_The task:_ Data follows below. Repeat exactly the lines between the line holding "Кухонный стеллаж Rada" and the line holding "振り返るたびに視線をひとり占", inclusive, and nothing more; drop pictures.

_Information provided:_
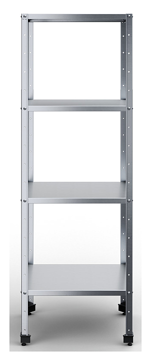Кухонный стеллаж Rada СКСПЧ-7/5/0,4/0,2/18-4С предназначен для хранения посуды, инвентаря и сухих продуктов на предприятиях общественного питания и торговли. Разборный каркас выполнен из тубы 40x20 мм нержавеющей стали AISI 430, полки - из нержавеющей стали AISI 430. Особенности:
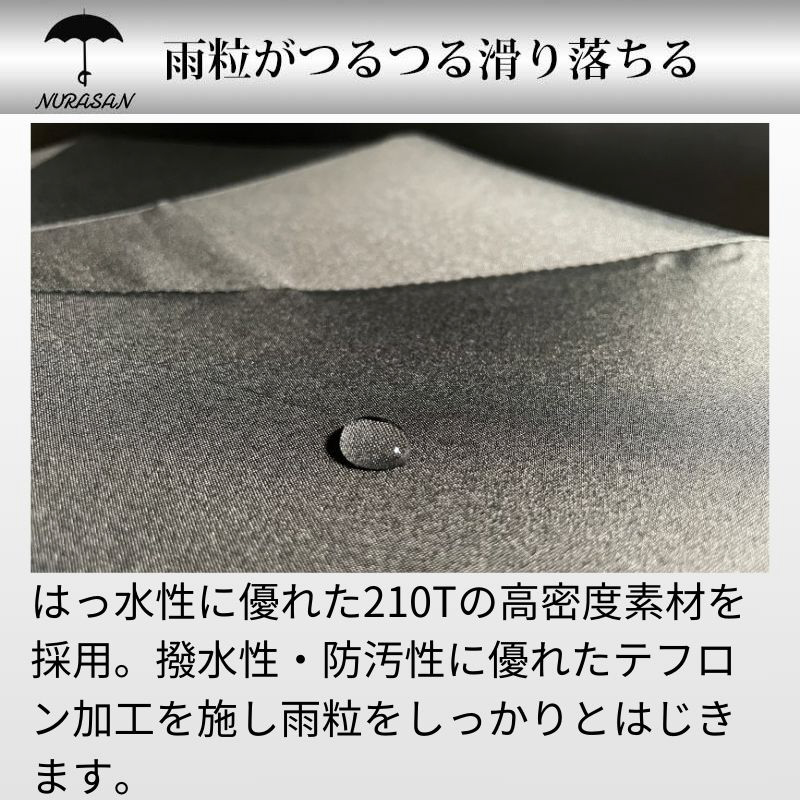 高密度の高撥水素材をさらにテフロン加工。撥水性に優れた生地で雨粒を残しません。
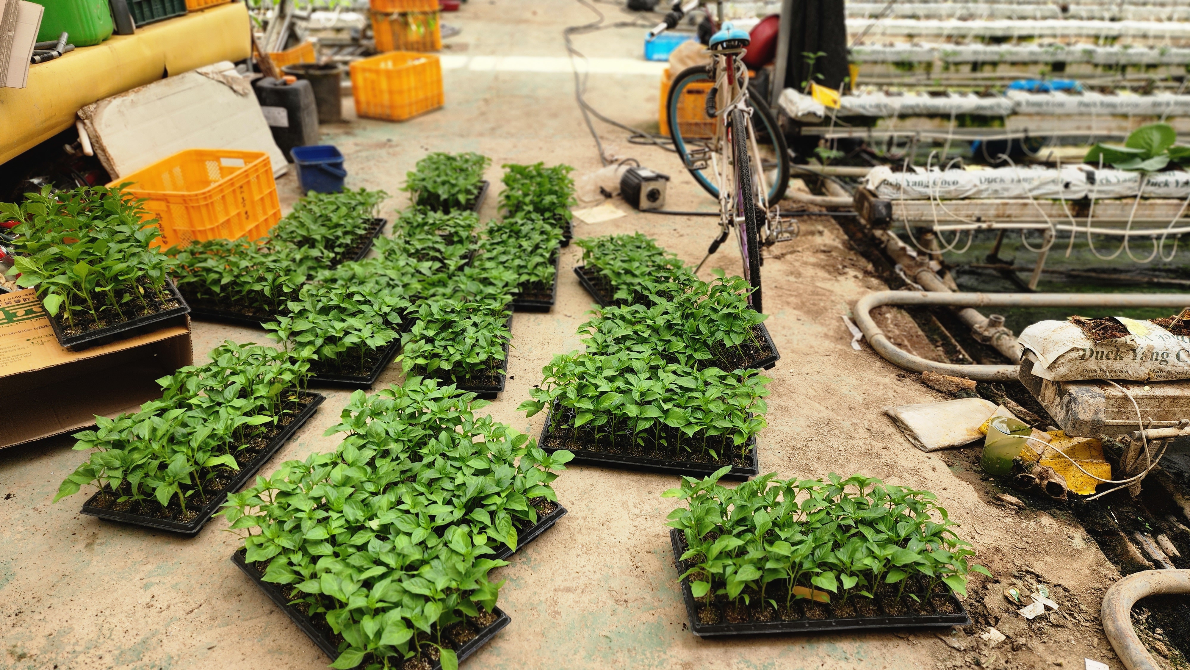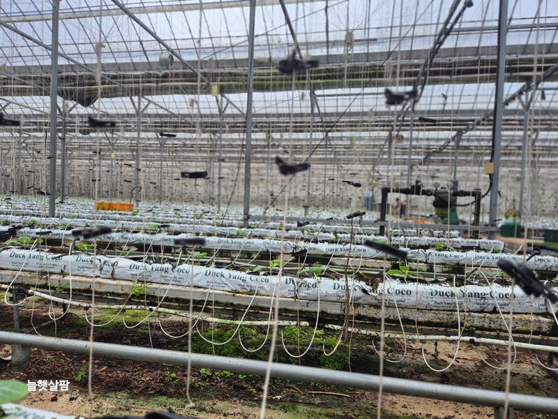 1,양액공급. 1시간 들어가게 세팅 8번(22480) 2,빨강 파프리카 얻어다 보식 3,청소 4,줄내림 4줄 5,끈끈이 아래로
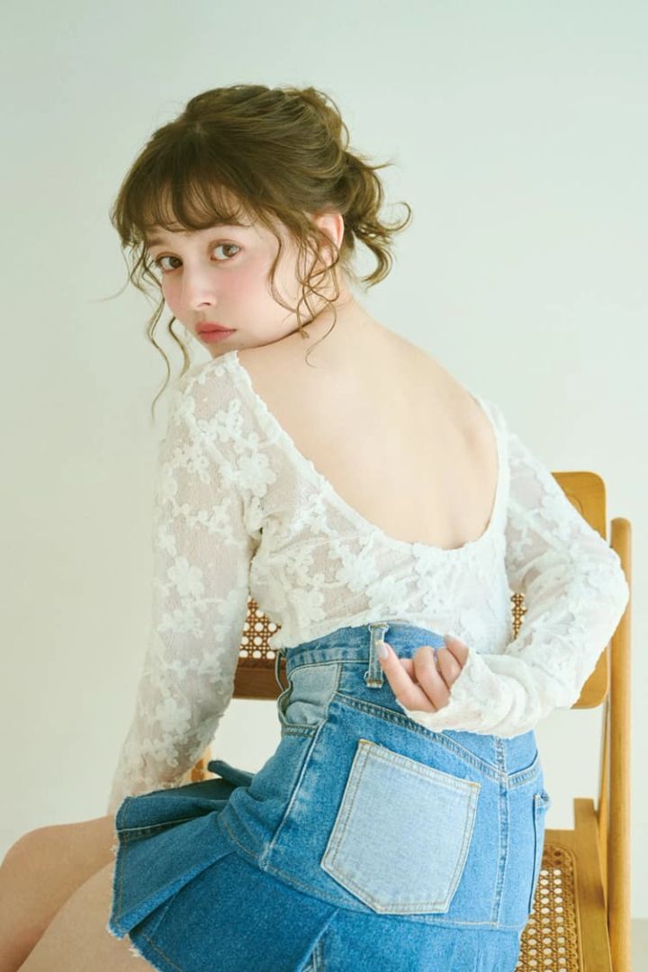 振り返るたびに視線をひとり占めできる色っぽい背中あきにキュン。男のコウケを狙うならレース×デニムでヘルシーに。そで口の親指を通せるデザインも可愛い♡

==

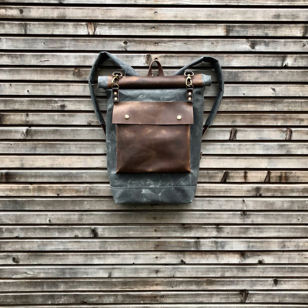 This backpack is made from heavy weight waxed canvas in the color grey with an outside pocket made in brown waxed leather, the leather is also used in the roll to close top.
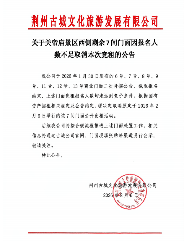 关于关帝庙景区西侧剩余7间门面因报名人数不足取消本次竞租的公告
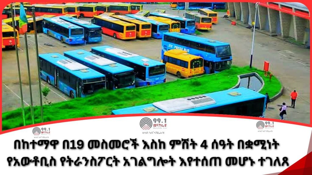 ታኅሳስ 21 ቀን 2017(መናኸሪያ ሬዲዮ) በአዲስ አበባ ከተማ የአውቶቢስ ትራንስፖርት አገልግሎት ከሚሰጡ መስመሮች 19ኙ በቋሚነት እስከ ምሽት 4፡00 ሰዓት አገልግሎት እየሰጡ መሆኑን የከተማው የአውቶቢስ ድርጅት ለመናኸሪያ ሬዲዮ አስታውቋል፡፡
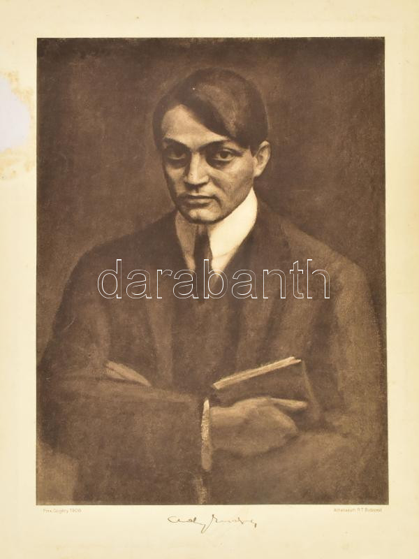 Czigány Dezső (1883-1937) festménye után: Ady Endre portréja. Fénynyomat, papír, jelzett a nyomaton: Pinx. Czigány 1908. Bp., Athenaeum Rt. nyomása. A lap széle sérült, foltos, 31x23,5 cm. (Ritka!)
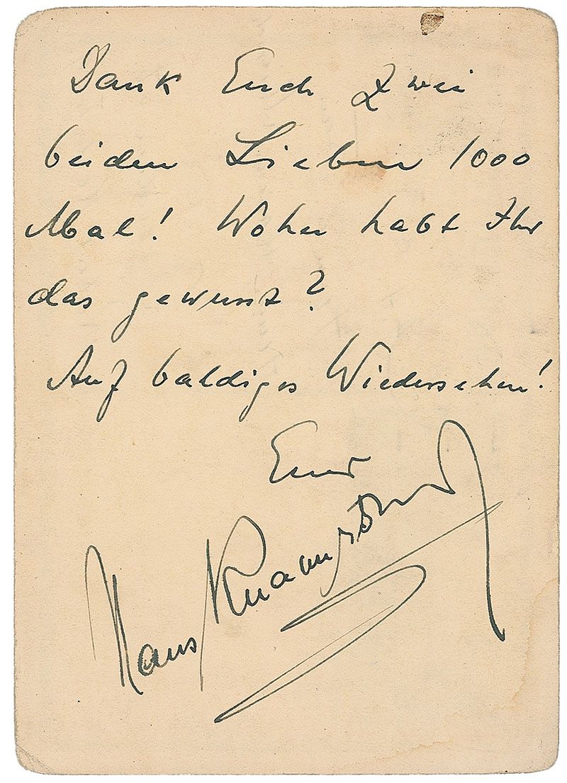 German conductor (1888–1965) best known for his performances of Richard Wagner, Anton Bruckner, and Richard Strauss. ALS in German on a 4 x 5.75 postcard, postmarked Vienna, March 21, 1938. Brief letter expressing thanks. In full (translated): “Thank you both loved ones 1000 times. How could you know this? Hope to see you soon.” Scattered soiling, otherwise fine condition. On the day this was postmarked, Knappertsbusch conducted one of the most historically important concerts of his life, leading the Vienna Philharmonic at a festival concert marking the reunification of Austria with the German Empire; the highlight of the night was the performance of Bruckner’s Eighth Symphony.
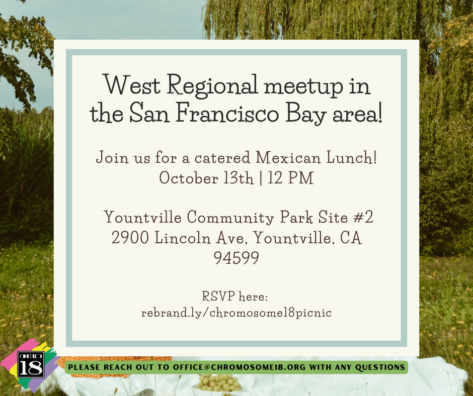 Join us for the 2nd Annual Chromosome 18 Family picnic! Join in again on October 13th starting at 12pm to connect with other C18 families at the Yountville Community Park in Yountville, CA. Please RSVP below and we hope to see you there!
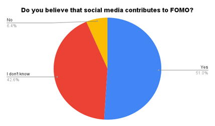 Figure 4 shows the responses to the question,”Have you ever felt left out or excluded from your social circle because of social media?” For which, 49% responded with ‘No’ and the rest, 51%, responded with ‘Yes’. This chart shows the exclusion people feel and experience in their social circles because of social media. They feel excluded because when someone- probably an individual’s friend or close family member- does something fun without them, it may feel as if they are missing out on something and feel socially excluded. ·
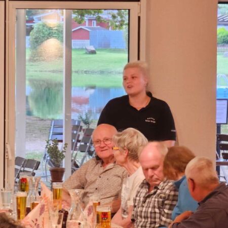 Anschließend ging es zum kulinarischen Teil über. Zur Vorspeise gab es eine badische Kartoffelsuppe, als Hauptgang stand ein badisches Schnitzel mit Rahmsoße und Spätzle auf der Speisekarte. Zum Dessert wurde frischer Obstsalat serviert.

--

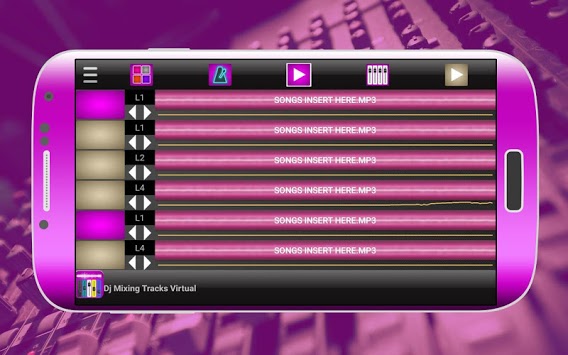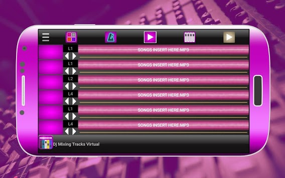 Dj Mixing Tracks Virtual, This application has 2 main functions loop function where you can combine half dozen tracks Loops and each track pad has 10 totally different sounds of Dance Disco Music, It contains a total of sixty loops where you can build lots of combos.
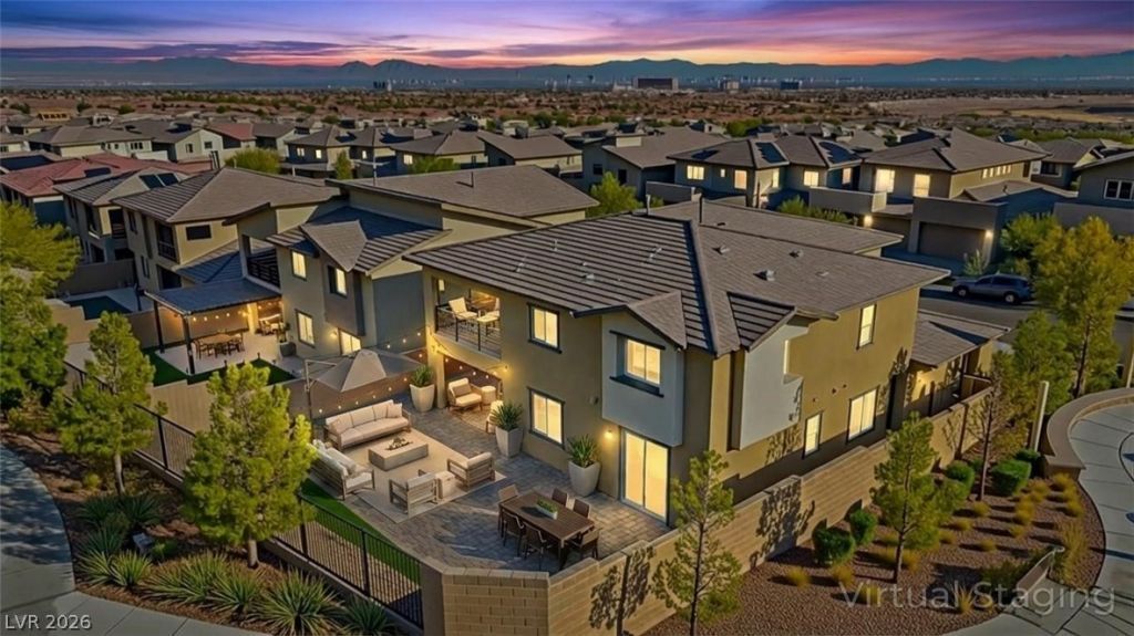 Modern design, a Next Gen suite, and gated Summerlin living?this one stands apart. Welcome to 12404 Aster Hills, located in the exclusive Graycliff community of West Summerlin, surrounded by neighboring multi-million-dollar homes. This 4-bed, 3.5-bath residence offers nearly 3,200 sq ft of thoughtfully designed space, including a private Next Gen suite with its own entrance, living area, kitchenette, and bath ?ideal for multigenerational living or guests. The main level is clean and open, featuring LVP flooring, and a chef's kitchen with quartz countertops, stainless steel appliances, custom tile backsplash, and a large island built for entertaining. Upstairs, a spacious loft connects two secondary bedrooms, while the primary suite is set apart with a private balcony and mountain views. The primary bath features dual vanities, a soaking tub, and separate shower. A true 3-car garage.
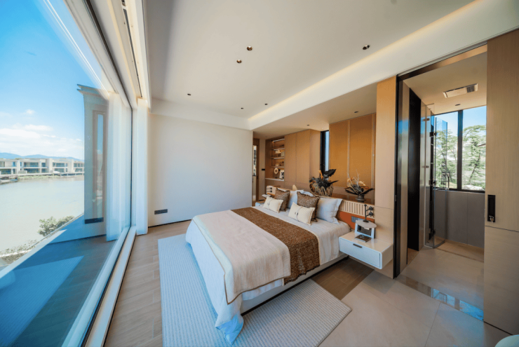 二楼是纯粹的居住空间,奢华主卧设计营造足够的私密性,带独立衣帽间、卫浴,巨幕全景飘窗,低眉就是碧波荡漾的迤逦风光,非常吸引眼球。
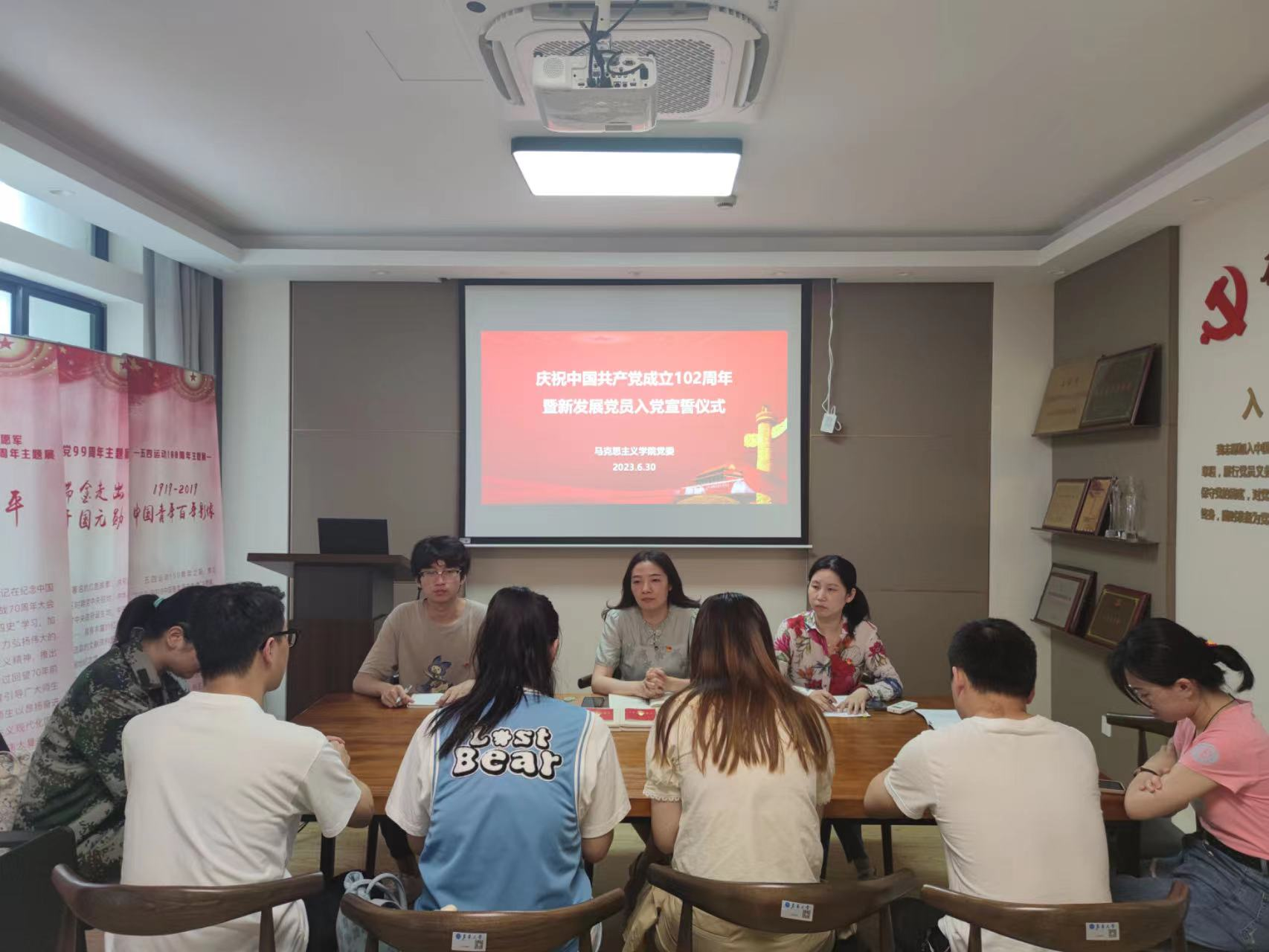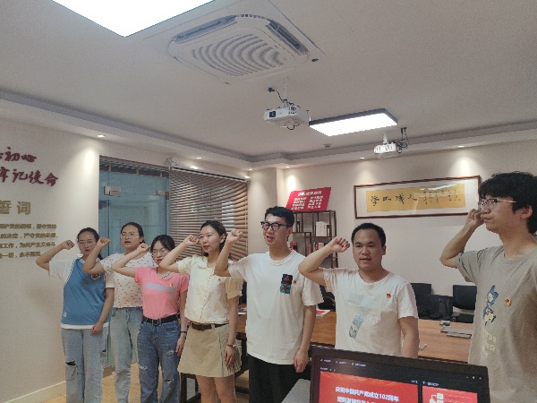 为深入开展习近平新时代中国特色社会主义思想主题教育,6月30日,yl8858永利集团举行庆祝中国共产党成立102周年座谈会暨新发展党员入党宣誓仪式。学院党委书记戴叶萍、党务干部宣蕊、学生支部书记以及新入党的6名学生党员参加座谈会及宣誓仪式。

_Your response:_
Кухонный стеллаж Rada СКСПЧ-7/5/0,4/0,2/18-4С предназначен для хранения посуды, инвентаря и сухих продуктов на предприятиях общественного питания и торговли. Разборный каркас выполнен из тубы 40x20 мм нержавеющей стали AISI 430, полки - из нержавеющей стали AISI 430. Особенности:
 高密度の高撥水素材をさらにテフロン加工。撥水性に優れた生地で雨粒を残しません。
 1,양액공급. 1시간 들어가게 세팅 8번(22480) 2,빨강 파프리카 얻어다 보식 3,청소 4,줄내림 4줄 5,끈끈이 아래로
 振り返るたびに視線をひとり占めできる色っぽい背中あきにキュン。男のコウケを狙うならレース×デニムでヘルシーに。そで口の親指を通せるデザインも可愛い♡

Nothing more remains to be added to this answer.